MNI INTERVIEW: UK Borrowing For Investment Risky - OBR's Miles
MNI (LONDON) - It would be risky for the UK government, already on course towards unsustainable debt levels, to borrow more to fund investment, senior Office for Budget Responsibility official David Miles told MNI.
On unchanged policies and demographic trends, UK public debt will rise to 270% of GDP over the long term from around 100% today, Miles said in an interview, adding that concentrating on either increasing taxation or spending controls alone will be insufficient to curb this rise.
"If you try to do it all on tax, so that ultimately it came to match spending, you'd be taking the tax share of GDP on our central forecast to 60% from 40%,” he said in an interview. "There's not many countries in the world that have government raising 60% of GDP in tax.
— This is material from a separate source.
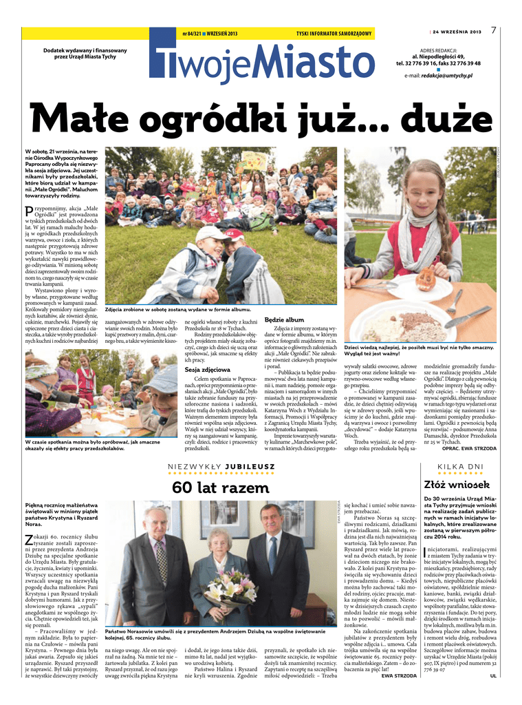 nr 84/321 wrzesień 2013 Tyski Informator Samorządowy Dodatek wydawany i finansowany przez Urząd Miasta Tychy T woje t yc hy | 2 4 wrze ś n i a 2 0 13 7 Adres redakcji: al. Niepodległości 49, tel. 32 776 39 16, faks 32 776 39 48 e-mail: [email protected] zdjęcia: UM tychy Małe ogródki już... duże W sobotę, 21 września, na terenie Ośrodka Wypoczynkowego Paprocany odbyła się niezwykła sesja zdjęciowa. Jej uczestnikami były przedszkolaki, które biorą udział w kampanii „Małe Ogródki”. Maluchom towarzyszyły rodziny. P rzypomnijmy, akcja „Małe Ogródki” jest prowadzona w tyskich przedszkolach od dwóch lat. W jej ramach maluchy hodują w ogródkach przedszkolnych warzywa, owoce i zioła, z których następnie przygotowują zdrowe potrawy. Wszystko to ma w nich wykształcić nawyki prawidłowego odżywiania. W minioną sobotę dzieci zaprezentowały swoim rodzinom to, czego nauczyły się w czasie trwania kampanii. Wystawiono plony i wyroby własne, przygotowane według promowanych w kampanii zasad. Królowały pomidory nieregularnych kształtów, ale również dynie, cukinie, marchewki. Pojawiły się upieczone przez dzieci ciasta i ciasteczka, a także wyroby przedszkolnych kuchni i rodziców najbardziej Zdjęcia zrobione w sobotę zostaną wydane w formie albumu. zaangażowanych w zdrowe odżywianie swoich rodzin. Można było kupić przetwory z malin, dyni, czarnego bzu, a także wyśmienite kiszo- ne ogórki własnej roboty z kuchni Przedszkola nr 18 w Tychach. Rodziny przedszkolaków objętych projektem miały okazję zobaczyć, czego ich dzieci się uczą oraz spróbować, jak smaczne są efekty ich pracy. Sesja zdjęciowa Celem spotkania w Paprocanach, oprócz przypomnienia o przesłaniach akcji „Małe Ogródki”, było także zebranie funduszy na przyszłoroczne nasiona i sadzonki, które trafią do tyskich przedszkoli. Ważnym elementem imprezy była również wspólna sesja zdjęciowa. Wzięli w niej udział wszyscy, którzy są zaangażowani w kampanię, czyli: dzieci, rodzice i pracownicy przedszkoli. W czasie spotkania można było spróbować, jak smaczne okazały się efekty pracy przedszkolaków. Będzie album Zdjęcia z imprezy zostaną wydane w formie albumu, w którym oprócz fotografii znajdziemy m.in. informacje o głównych założeniach akcji „Małe Ogródki”. Nie zabraknie również ciekawych przepisów i porad. – Publikacja ta będzie podsumowywać dwa lata naszej kampanii i, mam nadzieję, pomoże organizacjom i samorządom w innych miastach na jej przeprowadzenie w swoich przedszkolach – mówi Katarzyna Woch z Wydziału Informacji, Promocji i Współpracy z Zagranicą Urzędu Miasta Tychy, koordynatorka kampanii. Imprezie towarzyszyły warsztaty kulinarne „Marchewkowe pole”, w ramach których dzieci przygoto- Dzieci wiedzą najlepiej, że posiłek musi być nie tylko smaczny. Wygląd też jest ważny! wywały sałatki owocowe, zdrowe jogurty oraz zielone koktajle warzywno-owocowe według własnego przepisu. – Chcieliśmy przypomnieć o promowanej w kampanii zasadzie, że dzieci chętniej odżywiają się w zdrowy sposób, jeśli wpuścimy je do kuchni, gdzie znajdą warzywa i owoce i pozwolimy „decydować” – dodaje Katarzyna Woch. Trzeba wyjaśnić, że od przyszłego roku przedszkola będą sa- modzielnie gromadziły fundusze na realizację projektu „Małe Ogródki”. Dlatego z całą pewnością podobne imprezy będą się odbywały częściej. – Będziemy utrzymywać ogródki, zbierając fundusze w ramach tego typu wydarzeń oraz wymieniając się nasionami i sadzonkami pomiędzy przedszkolami. Ogródki z pewnością będą się rozwijać – podsumowuje Anna Damaschk, dyrektor Przedszkola nr 25 w Tychach. Oprac. Ewa Strzoda N i e z w y k ły j u b i l e u s z kilka dni 60 lat razem ewa strzoda Piękną rocznicę małżeństwa świętowali w miniony piątek państwo Krystyna i Ryszard Noras. Z okazji 60. rocznicy ślubu tyszanie zostali zaproszeni przez prezydenta Andrzeja Dziubę na specjalne spotkanie do Urzędu Miasta. Były gratulacje, życzenia, kwiaty i upominki. Wszyscy uczestnicy spotkania zwracali uwagę na niezwykłą pogodę ducha małżonków. Pani Krystyna i pan Ryszard tryskali dobrymi humorami. Jak z przysłowiowego rękawa „sypali” anegdotkami ze wspólnego życia. Chętnie opowiedzieli też, jak się poznali. – Pracowaliśmy w jednym zakładzie. Była to papiernia na Czułowie – mówiła pani Krystyna. – Pewnego dnia była jakaś awaria. Zepsuło się jakieś urządzenie. Ryszard przyszedł je naprawić. Był taki przystojny, że wszystkie dziewczyny zwróciły Złóż wniosek Państwo Norasowie umówili się z prezydentem Andrzejem Dziubą na wspólne świętowanie kolejnej, 65. rocznicy ślubu. na niego uwagę. Ale on nie spojrzał na żadną. Na mnie też nie – żartowała jubilatka. Z kolei pan Ryszard przyznał, że od razu jego uwagę zwróciła piękna Krystyna i dodał, że jego żona także dziś, mimo 82 lat, nadal jest wyjątkowo urodziwą kobietą. Państwo Halina i Ryszard nie kryli wzruszenia. Zgodnie przyznali, że spotkało ich niesamowite szczęście, że wspólnie dożyli tak znamienitej rocznicy. Zapytani o receptę na szczęśliwą miłość odpowiedzieli: – Trzeba się kochać i umieć sobie nawzajem przebaczać. Państwo Noras są szczęśliwymi rodzicami, dziadkami i pradziadkami. Jak mówią, rodzina jest dla nich najważniejszą wartością. Tak było zawsze. Pan Ryszard przez wiele lat pracował na dwóch etatach, by żonie i dzieciom niczego nie brakowało. Z kolei pani Krystyna poświęciła się wychowaniu dzieci i prowadzeniu domu. – Kiedyś można było zachować taki model rodziny, ojciec pracuje, matka zajmuje się domem. Niestety w dzisiejszych czasach często młodzi ludzie nie mogą sobie na to pozwolić – mówili małżonkowie. Na zakończenie spotkania jubilatów z prezydentem były wspólne zdjęcia i... umowa. Cała trójka umówi

And the idea you could do that without doing some serious damage to incentives to save and to work and to invest seems to me very implausible.”
While a recent OBR paper found that there could be long-run positive returns to the Treasury from additional public investment, and the government has removed investment from its balanced budget rule, Miles was wary. (See MNI INTERVIEW: UK Fiscal Headroom Only Clear After Spending Review)
"You can't just assume that everybody is going to believe us when we say, for example, that our best estimates are that 25 years down the road, there's enough extra tax revenue to pay for all the debt that we're issuing now to finance a big increase in infrastructure,” he said. “There's a bunch of hard-bitten people around the world who are the ones whose money's on the line because they're going to buy the gilts, and some may say, 'Well, maybe in 25 years it pays off, but we want a higher risk premium just in case it doesn't turn out that well.’”
RISKS AHEAD
UK debt dynamics are being impacted by a shift away from defined-benefit pension schemes, which were big purchasers of long-dated gilts, to defined contribution schemes and by the Bank of England’s action to reduce the size of its balance sheet, which has led it to sell GBP100 billion per year in gilts, rather than buying them through quantitative easing.
The OBR’s fiscal risks report assumed an average gilt yield of about 4% and a broadly flat yield curve, but Miles stressed that there were upside risks and issuance maturities could shorten.
"The risk .. with the gilt market is that if you really are on the kind of trajectory where the government does nothing about expenditure rising relative to tax revenue, and the stock of debt starts going up and at an ever increasing rate, the idea that you're going to be able to continue selling gilts at the same yield looks very optimistic," he said.
The OBR's productivity growth assumptions, at 1.5% a year, are more optimistic than the BOE's among others, and Miles pushed back against the view that the exceptionally low growth seen since the financial crisis would continue or that it was inevitable in a services-dominated economy.
"I don't think of it as optimistic. Of course, relative to the most recent UK economic history (since the global financial crisis) it is. But relative to the 50 years before that it is certainly not and it is rather pessimistic," he said, noting that possible boosts to productivity include the incorporation of AI in the service sector.